La charte de l’écrivain public professionnel et diplômé

La charte de l’écrivain public professionnel et diplômé de la licence est une référence pour tous les écrivains publics.

Les membres de Plume et Buvard sous­crivent à cette charte de l’écrivain public, qui à la fois défi­nit le métier et ses spé­ci­fi­ci­tés et donne une garan­tie à l’usager et au client qui fait appel à ses ser­vices. L’écrivain public diplô­mé exerce un métier plu­riel et non règle­men­té, mais ses com­pé­tences et son éthique sont garan­ties par la charte de Plume et Buvard.

Comment défi­nir le métier d’écrivain public plu­ra­liste et polymorphe ?

La pro­fes­sion d’écrivain public est intrin­sè­que­ment plu­rielle : plu­ra­li­té des pro­fils, des par­cours, des com­pé­tences, des moti­va­tions, et enfin, des pres­ta­tions. Pour ceux qui sou­haitent légi­ti­mer leur pra­tique par une for­ma­tion, l’enseignement dis­pen­sé dans le cadre de la licence pro­fes­sion­nelle « Conseil en écri­ture pro­fes­sion­nelle et pri­vée – Écrivain public » donne accès à un large éven­tail de com­pé­tences autour de l’écriture, entre­te­nant ain­si le poly­mor­phisme du métier. À noter que l’intitulé même de la licence donne déjà un sen­ti­ment d’abondance.

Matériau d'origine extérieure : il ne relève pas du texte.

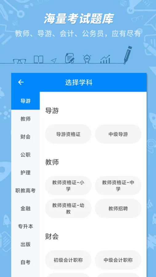 101贝考(原91UP快学堂)是一款覆盖学科广泛,功能丰富全面的手机学习软件。涵盖公务员考试、事业单位考试、教师资格证考试、导游资格证考试、护士执业资格考试、初级会计职称、中级会计职称、银行招聘考试、自学考试、社会工作者、出版资格等多个考试大类海量历年真题与名师授课视频。
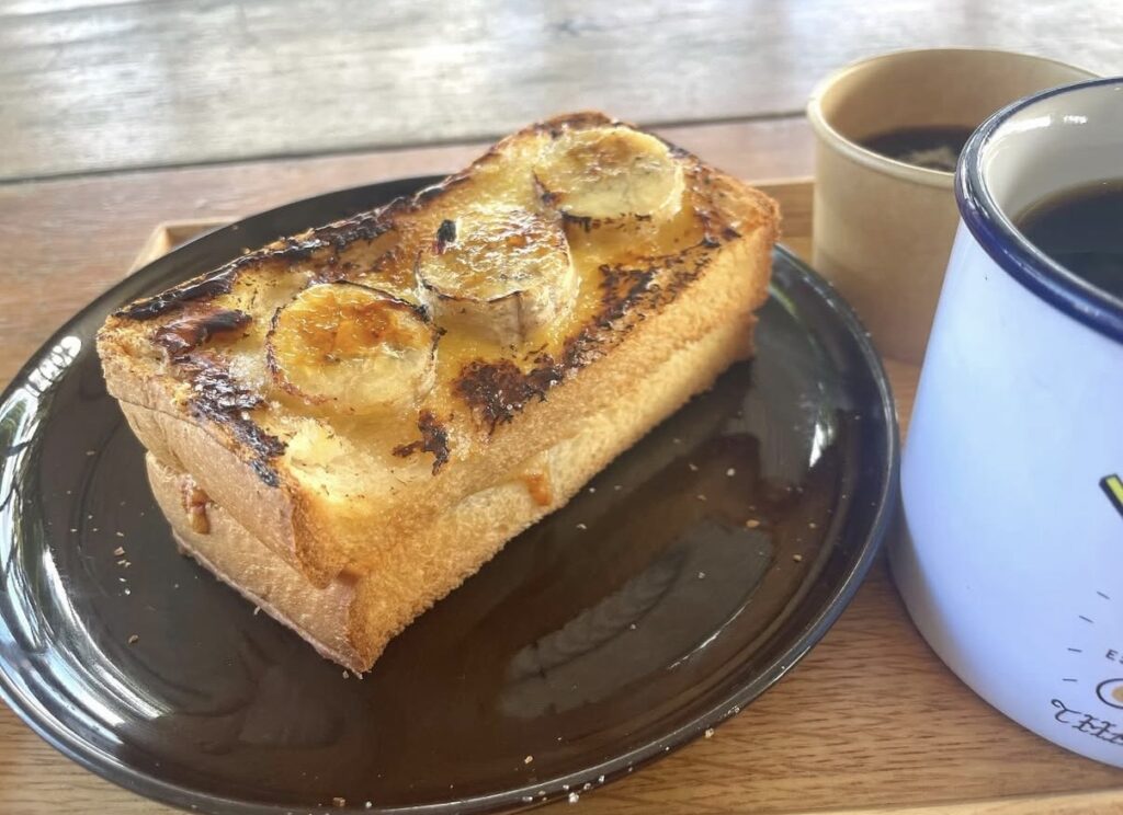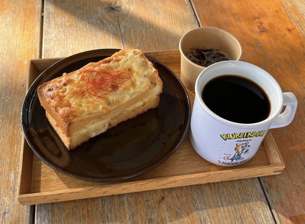 朝8:00からスタートするモーニングは、國仲商店の魅力のひとつ。コーヒーとパンを組み合わせたシンプルな朝食は、旅のはじまりにぴったりの時間です。

Mais en dépit de toutes leurs dif­fé­rences, les écri­vains publics ont un cer­tain nombre de points com­muns, un socle de com­pé­tences et de valeurs qui les ras­semble, que l’enquête métier réa­li­sée auprès d’écrivains publics diplô­més a net­te­ment fait appa­raître. Ce socle com­mun se mani­feste à tra­vers la notion de ser­vice – public ou pri­vé – et d’écriture de ser­vice. L’écrivain public n’écrit pas en son nom, il écrit avant tout pour autrui ; il loue ou prête sa plume.

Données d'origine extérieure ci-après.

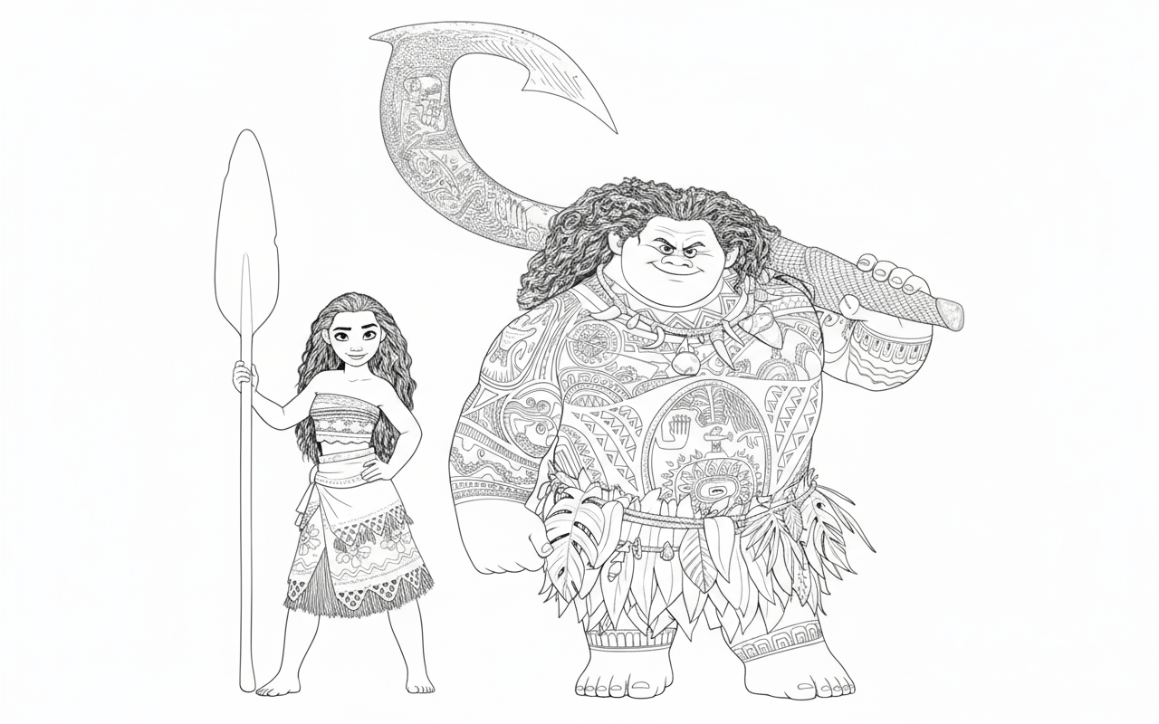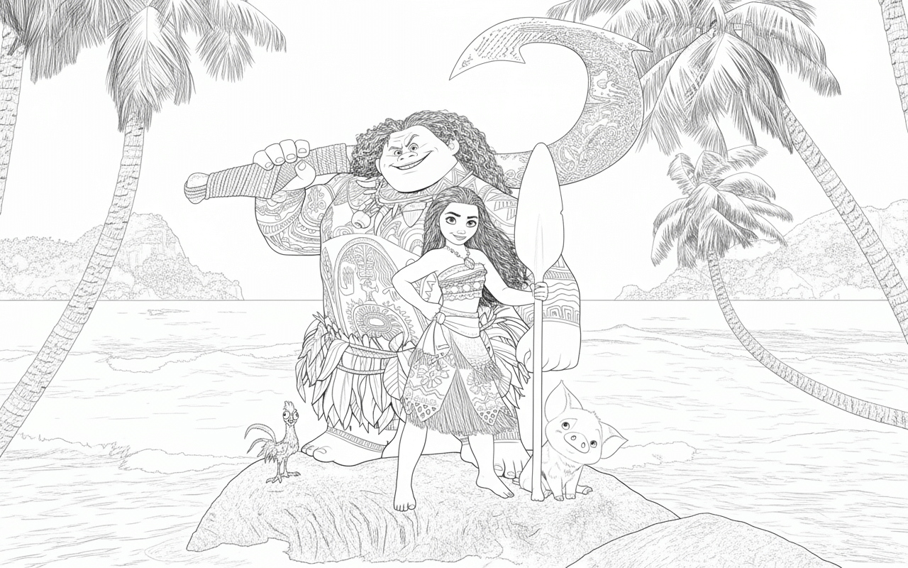 Aventure-se pelo oceano com Moana e seus amigos nesta coleção encantadora de desenhos para colorir! São ilustrações inspiradas no filme da Disney, perfeitas para crianças e fãs da heroína destemida das ilhas.

Les élé­ments consti­tu­tifs du socle com­mun à l’ensemble de la pro­fes­sion, quelles que soient ses condi­tions d’exercice sont : les capa­ci­tés d’écoute et d’écriture, la recon­nais­sance de l’expertise et la cau­tion, tant pro­fes­sion­nelle que morale.

L’absence de régle­men­ta­tion du métier d’écrivain public est-​elle un handicap ?

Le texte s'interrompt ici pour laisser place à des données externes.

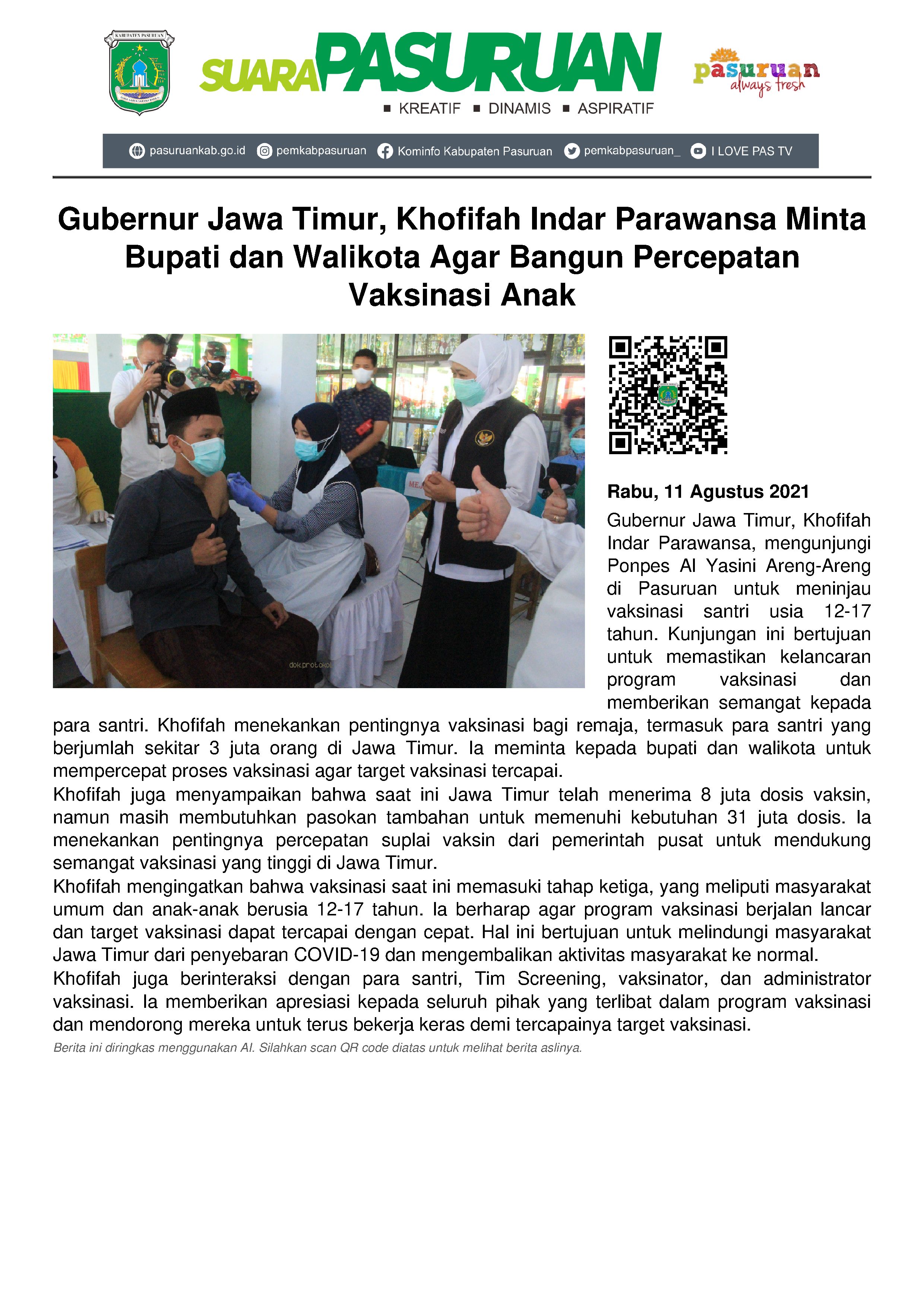 Kedatangan orang nomor satu di Jawa Timur ini tak lain dalam rangka meninjau pelaksanaan vaksinasi santri usia 12-17 tahun sekaligus memastikan agar seluruhnya berjalan baik dan lancar.

Ce socle com­mun doit per­mettre l’émergence d’une pro­fes­sion recon­nue, même si elle n’est pas régle­men­tée. L’absence de régle­men­ta­tion ne consti­tue pas néces­sai­re­ment un han­di­cap si les pro­fes­sion­nels affichent un consen­sus sur les règles d’usage de leur exper­tise. L’autodiscipline rem­place alors la régle­men­ta­tion ins­ti­tu­tion­nelle pour four­nir aux clients, usa­gers et béné­fi­ciaires, la cau­tion pro­fes­sion­nelle et morale qu’ils attendent. Elle apporte des garan­ties sur le res­pect d’un cer­tain nombre d’obligations de l’écrivain public à leur égard.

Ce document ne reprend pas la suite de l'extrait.